In order to achieve this, a module must implement both logical and physical encapsulation. Logical in that it fulfills one of the first principles of good software design known as separation of concerns, where specific responsibilities are “encapsulated” within distinct objects, and physical in that internal information is not accessible nor visible to the clients of the module, which is a policy that should be enforceable directly by the language.

Objects inside a module can be entities such as classes, functions or “sub-modules” of some form.

While C++ provides several features to implement modularization, they don’t fully achieve the potential of real modules as first-class citizens. Classes, for example, allow for too fine-grained encapsulation and can’t be used as larger higher-level units of abstraction. Namespaces are simply a code organization and name collision avoidance mechanism. And header files are merely a form of textual inclusion with no semantics for encapsulation whatsoever.

Even though there are well-established idioms for visibility management between components (Pimpl and abstract interfaces come to mind) and coding conventions for separating implementations from public interfaces (header/unit pairs, namespaced details to name a few), they do not provide the higher level of abstraction with strong encapsulation in a clean and efficient way as real modules with native language support can offer.

C++ 20 has finally introduced this feature after a very long process of standardization and we now have modules support as a core language construct.

2. Anatomy of a C++ module

A C++ module is made up of one or more translation units (TUs) with specific keywords for module declarations. Such translation units are called module units. Translation units that are not module units are considered part of the global module, which is anonymous with no interface and where regular non-module code lives. The general structure of a module unit is depicted in Figure 1, together with a standard (non-module) translation unit.
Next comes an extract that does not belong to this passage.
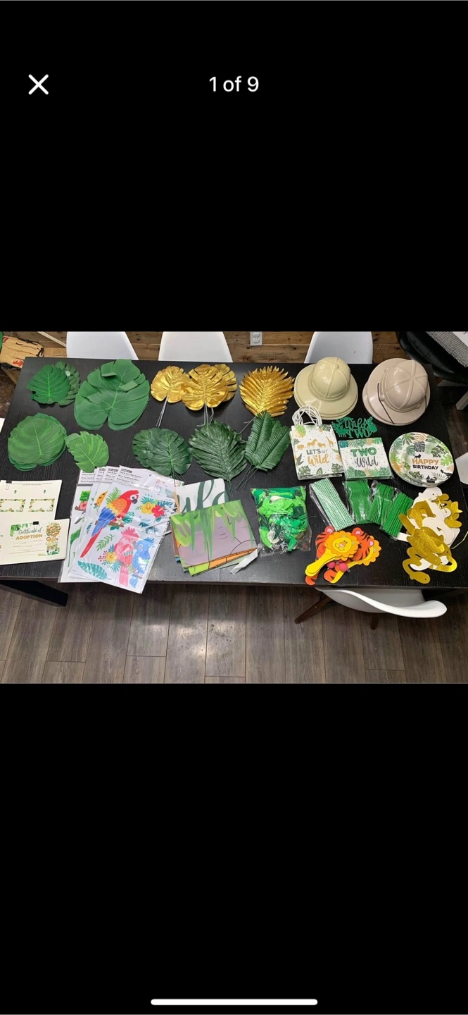 Selling a bunch of jungle-themed birthday party decorations! Perfect for a wild two-year-old's celebration or any safari-themed event. Includes artificial leaves, animal print decorations, safari hats, and more! Great summer fun idea! Pickup only. Closest intersection is Jane St and Eglinton Ave

There are several sections that can appear in a C++ module unit, each one with specific purposes.

2.1 Global module fragment

This section must appear at the very beginning of a module unit and starts with a module; declaration. Only preprocessor directives shall be used in this section. Its purpose is, in fact, that of allowing the module to safely use legacy non-modular header files without polluting its scope and possibly breaking the code. All declarations here are not in the scope of the enclosing module unit (though accessible to it) but in the global module scope. To optimize the unit, only included entities that are actually referenced by the enclosing module unit (directly or transitively) are made available.

2.2 Purview

The Standard defines the purview as “the sequence of tokens starting at the module-declaration and extending to the end of the translation unit” (10.1.5). It is the section where exported entities (for module interface units) and other definitions and implementation details needed within the module are declared, depending on the type. It can be considered as the “main body” of the module unit. All declarations in this section are in the scope of the module unit.

The purview starts with a preamble introducing the module declaration [export] module <name>[:<part>]; followed by a sequence of import declarations. If the export keyword is used in the module declaration, the module unit is called a module interface unit, otherwise it’s a module implementation unit (more details below). A module partition can also be declared by appending a partition name :<part> to the module’s name. Note that including header files in this section is generally considered a bad practice as it would make all the included entities part of the module unit. The global module fragment should be used for this purpose.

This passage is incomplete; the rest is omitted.